Лейб-медик помолчал несколько мгновений, затем продолжал:

― Светлейшая княгиня, пример с необыкновенным столбняком, случившимся с дамой в Безансоне, показывает, что в основании этой болезни лежит причина психическая. Как только дама немного пришла в себя, лечение ее начали с того, что внушили ей бодрость, уверив, что она выиграла злополучную тяжбу. Опытнейшие врачи говорят в один голос, что такое состояние вызывается прежде всего каким-нибудь внезапным и сильным душевным потрясением. Принцесса Гедвига необычайно, в высшей степени раздражительна, возбудима, я бы даже сказал, что ее нервная система, в сущности, уже сама по себе несколько отклоняется от нормы. Весьма вероятно, что ее болезненное состояние вызвано также каким-то сильным душевным потрясением. Надо постараться открыть причину, и тогда, быть может, удастся благотворно воздействовать на психику принцессы. Поспешный отъезд принца Гектора... Вы знаете, государыня, что матери видят иной раз глубже любого врача и могут дать ему в руки наилучшее средство исцеления.

Княгиня выпрямилась и сказала холодно и гордо:

― Даже какая-нибудь мешанка оберегает тайны женского сердца ― члены княжеских фамилий поверяют свои тайны только церкви и ее служителям, но врач не из их числа.

― Как можно, ― живо воскликнул лейб-медик, ― как можно так резко отделять духовное от телесного? Врач ― второй духовник, и ему должно заглядывать в глубины психического бытия, в противном случае он на каждом шагу может ошибиться. Вспомните историю больного принца, светлейшая государыня!

― Довольно! ― перебила княгиня врача с заметным раздражением. ― Я никогда не унижусь до того, чтобы совершить что-либо противное приличию или допустить, будто что-то противное приличию, хотя бы только в мыслях или чувствах, могло вызвать болезнь принцессы.

С этими словами княгиня удалилась и оставила лейб-медика одного.

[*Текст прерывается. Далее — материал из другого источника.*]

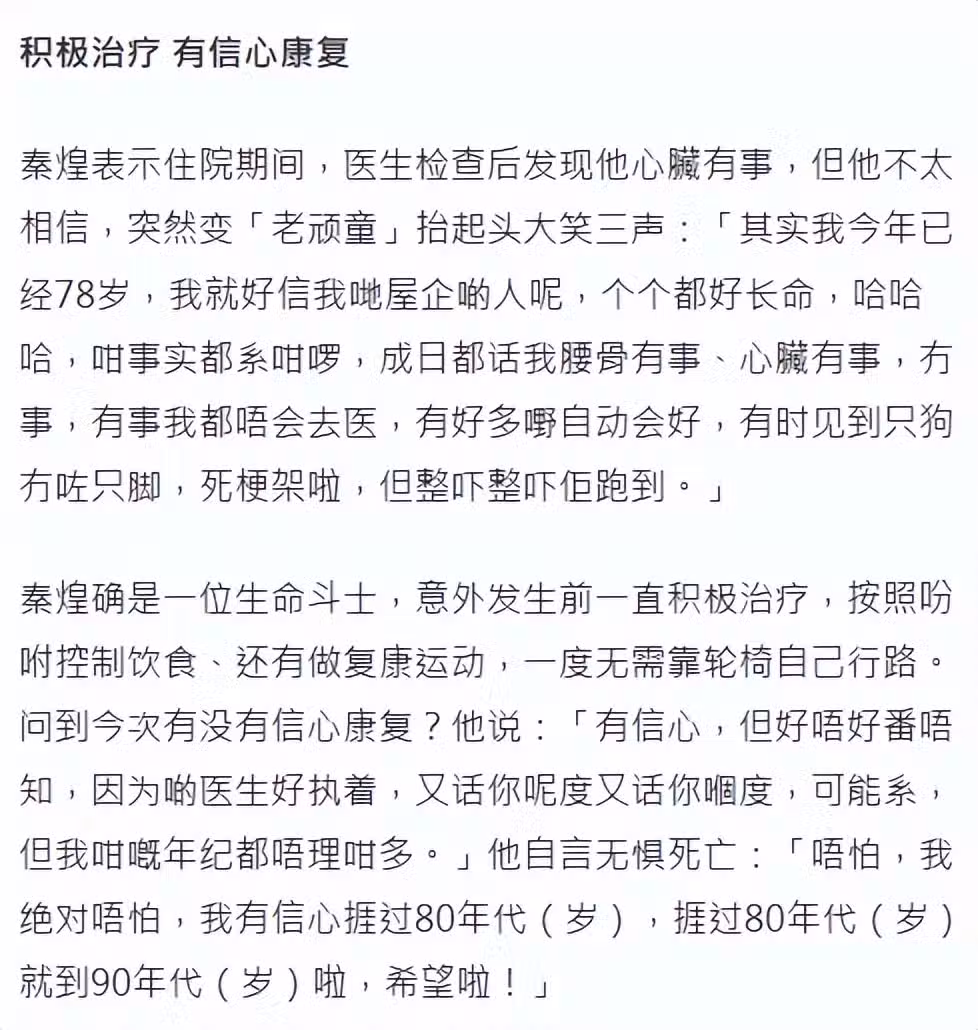 76歲港星在養老院摔得遍體鱗傷,換了4間醫院救治,已看淡生死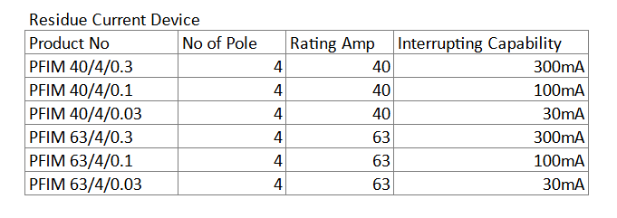 Product No | No of Pole | Rating Amp | Sensitivity |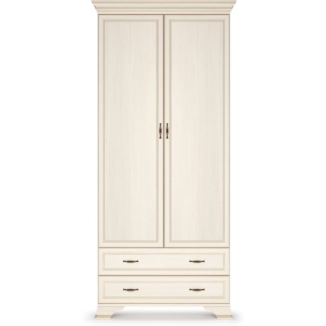 Для Шкафа применяется ЛДСП и МДФ в цвете «бодега белый» с эффектом патинирования золотом. Облик дополняют рамочные фасады и карниз в классическом стиле, а также эффектные опоры из МДФ.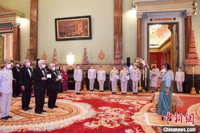 中新網(wǎng)曼谷1月26日電(李映民 陳映玲)當(dāng)?shù)貢r間24日,泰國詩琳通公主在曼谷大皇宮主持了2023年瑪希隆王子獎頒獎典禮。來自美國加州大學(xué)圣地亞哥分校醫(yī)學(xué)院的拿破侖·費拉拉和來自美國科羅拉多州立大學(xué)醫(yī)學(xué)院的巴里·魯馬克獲得2023年瑪希隆王子獎。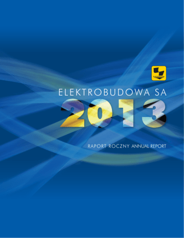 E L E KT R O B U D O WA S A RAPORT ROCZNY ANNUAL REPORT KEY DATA WYBRA NE WARTOÂ CI Udział procentowy w liczbie głosów i kapitale zakładowym Percentage share in number of votes and in share capital Liczba akcji równa liczbie głosów Numbers of shares = number of votes 13, AVIVA OFE AVIVA BZ WBK SA 625 454 % 1 855 011 4 747 608 5,0 9% 696,6 1800,0 900,0 450,0 2006 2007 2008 2009 2010 2011 Zamówienia Przychody (w mln PLN)ze /Orders received sprzeda˝y (w(PLNm) mln PLN) 664,0 893,9 786,2 661,8 345,7 455,8 2006 2006 539,1 591,5 618,8 852,4 664,0 2011 786,2 2008 2008 2009 2009 2010 2010 2011 2011 Portfel zamówie (w mln PLN) /Order backlog (PLNm) Przychody ze sprzeda y (w mln PLN) /Revenus (PLNm) 0 2013 974,1 661,8 853,5 1754,3 752,5 2012 2007 2007 539,1 2008 2008 591,5 2009 2009 618,8 2010 2010 2013 1754,3 1800,0 1000,0 853,5 56,3 1800,0 750,0 2011 2011 900,0 500,0 2012 2012 0 0 2013 2013 900,0 250,0 803,5 450,0 0 2012 2012 2013 0 2013 (PLNm) 58,4 60,0 49,6 1350,0 750,0 803,5 852,4 Przychody ze sprzeda y (w mln PLN) /Revenus (PLNm) PLN)(w /Order backlog (PLNm) Portfel zamówie (w mln Zysk mln PLN) / Net profit / Revenus (PLNm) 974,1 345,7 455,8 2006 1000,0 1350,0 500,0 45,0 33,9 32,6 30,0 14,4 19,3 450,0 250,0 2007 2007 2012 450,0 452,0 2006 0 752,5 452,0 2010 900,0 1350,0 911,2 739,1 2009 1350,0 Portfel zamówień (w mln PLN) / Order backlog (PLNm) 893,9 1098,8 888,7 2008 Zamówienia (w mln PLN) /Orders received (PLNm) 1784,3 777,7 2007 911,2 739,1 9, 4 2006 Zamówienia (w mln PLN) / Orders received (PLNm) 566,2 696,6 1800,0 44 Pozostali akcjonariusze Free float Razem Total number of shares 566,2 1 85 50 11 39,0 7 241 640 1098,8 888,7 289 36 9 2 41 64 0 Generali OFE 777,7 6,10% 289 369 % Amplico OFE 1784,3 7,64 362 730 1% PKO BP Bankowy OFE 730 362 446 553 3 55 AXA OFE 9,57% 454 446 5% 9,9 OFE PZU „Złota Jesień” 454 44 6 472 405 625 45 4 05 24 47 ING OFE (Pension Fund) 17 % 6 Stan na: As at: 31.12.2013 13,3 2006 2007 2008 2009 Zysk (w mln PLN) /Net profit (PLNm) 2010 2011 15,0 0 2012 2013 2013 ELEKTROBUDOWA SA R A P O RT R O CZN Y ANNUAL REPORT 2013 Selected financial Data WYBRA NE DAN E FI N AN S O W E w tys. PLN/in thousands of PLN WYBRANE DANE FINANSOWE SELECTED FINANCIAL DATA jednostkowe company Przychody ze sprzedaży ogółem Total sales revenues Zysk z działalności operacyjnej Operating profit Zysk brutto przed opodatkowaniem Gross profit before taxes Zysk netto przypadający na akcjonariuszy ELEKTROBUDOWY SA Net profit attributable to shareholders of ELEKTROBUDOWA SA Zysk netto przypadający na udziałowców mniejszościowych Net profit for minority activities Zysk netto okresu obrotowego z działalności kontynuowanej Net profit for the period from continuing operations Przepływy pieniężne z działalności operacyjnej Cash flows from operating activities Przepływy pieniężne z działalności inwestycyjnej Cash flows from investing activities Przepływy pieniężne z działalności finansowej Cash flows from financing activities Zwiększenie/ zmniejszenie netto stanu środków pieniężnych Net increase/ decrease in cash Aktywa trwałe Non-current assets Aktywa obrotowe Current assets Aktywa, razem Total assets Zobowiązania długoterminowe Non-current liabilities Zobowiązania krótkoterminowe Current liabilities Zobowiązania, razem Total Liabilities Kapitał własny przypadający na akcjonariuszy Spółki Equity attributable to Company shareholders Kapitał mniejszości Minority interest Kapitał własny Equity Kapitał zakładowy (po przeszacowaniu) Share capital (after restatement) Liczba akcji (w sztukach) Number of shares (pcs) Wartość księgowa na jedną akcję (w PLN ) Book value per share (in PLN ) E L E KTR OBU DOWA S A 2 skonsolidowane group 2013 2012 2013 2012 853 547 974 061 905 553 1 018 002 19 690 17 356 24 592 22 458 20 911 22 023 25 904 27 854 17 213 22 899 372 316 13 306 19 325 56 744 26 417 61 761 30 660 (10 096) (15 427) (11 356) (16 002) (15 995) (8 129) (16 120) (8 162) 30 653 2 861 34 285 6 496 217 995 213 873 199 527 197 762 544 413 469 066 576 137 494 072 762 408 682 939 775 664 691 834 18 598 20 036 19 404 21 156 419 458 344 355 429 536 351 796 438 056 364 391 448 940 372 952 325 614 318 102 1 110 780 324 352 318 548 26 375 26 375 26 375 26 375 4 747 608 4 747 608 4 747 608 4 747 608 68.32 67.10 68.58 67.00 2 0 1 3 CONTENTS S P IS TREÂ CI Wybrane wartości 2 Wybrane dane finansowe 4 List do Akcjonariuszy 7 Organizacja grupy kapitałowej 8 Schemat organizacyjny 9Zarząd ELEKTROBUDOWY SA 9 Struktura kapitału 10Rada Nadzorcza 10 Struktura akcjonariatu 11 Struktura Grupy kapitałowej ELEKTROBUDOWA SA 14ELEKTROBUDOWA SA na świecie 15 Aktualna i przewidywana sytuacja finansowa 16 Struktura przychodów 17 Wynik finansowy oraz podstawowe czynniki i nietypowe zdarzenia mające wpływ na jego wielkość 21 Analiza finansowa 24Zarządzanie zasobami finansowymi 25Zarządzanie Systemem Jakości 27Zarządzanie kapitałem ludzkim 29Zarządzanie BHP 30 Perspektywy rozwoju działalności i istotne czynniki ryzyka i zagrożeń 35 Sytuacja rynkowa 36Kierunki sprzedaży 39Inwestycje zrealizowane w 2013 roku 41Eksport 43Znaczące kontrakty 44 Rozwój innowacyjny 45 Ważniejsze prace prowadzone w dziedzinie rozwoju technicznego 47 Informacje dla akcjonariuszy 48 Spółka na giełdzie 49Kurs akcji w 2013 roku 49Kalendarz publikacji raportów w roku 2014 50Dywidenda 50Ład korporacyjny 51 Społeczna Odpowiedzialność Biznesu 53Raport finansowy 54 Sprawozdanie z sytuacji finansowej 56 Sprawozdanie z całkowitych dochodów 58 Sprawozdanie ze zmian w kapitale własnym 59 Skonsolidowane sprawozdanie ze zmian w kapitale własnym 61 Sprawozdanie z przepływów pieniężnych 63 Opinia niezależnego biegłego rewidenta 2013 Key data 2 Selected financial data 4 A letter to Shareholders 7 Organization of the ELEKTROBUDOWA SA Group 8 Organization chart 9The Management Board 9Capital structure 10The Supervisory Board 10Shareholders 11 Organization structure 14ELEKT

«Странная женщина эта княгиня! ― обратился он к самому себе. ― Она хотела бы уверить весь свет и себя в том числе, будто известка, которой природа связывает душу и тело, должна быть совсем особого сорта, ежели она предназначена для сотворения князей, и никак не похожа на ту, что идет на нас, бедных детей праха ― простых бюргеров. Да не осмельтесь подумать, что у принцессы есть сердце, ибо вы должны следовать примеру того испанского царедворца, что отверг шелковые чулки, поднесенные в подарок добрыми голландскими бюргерами его повелительнице, ― он счел это неприличным напоминанием о том, что у испанской королевы такие же ноги, как и у всякой другой женщины. И все же держу пари: причину ужаснейшего нервного заболевания, которое постигло принцессу, нужно искать в сердце ― этой лаборатории всех женских горестей».

Лейб-медик вспомнил о поспешном отъезде принца Гектора, о непомерной, болезненной раздражительности принцессы, о ее страстном, как он полагал, чувстве к принцу, и ему показалось несомненным, что какая-нибудь неожиданная ссора влюбленных, глубоко задев принцессу, вызвала ее внезапную болезнь.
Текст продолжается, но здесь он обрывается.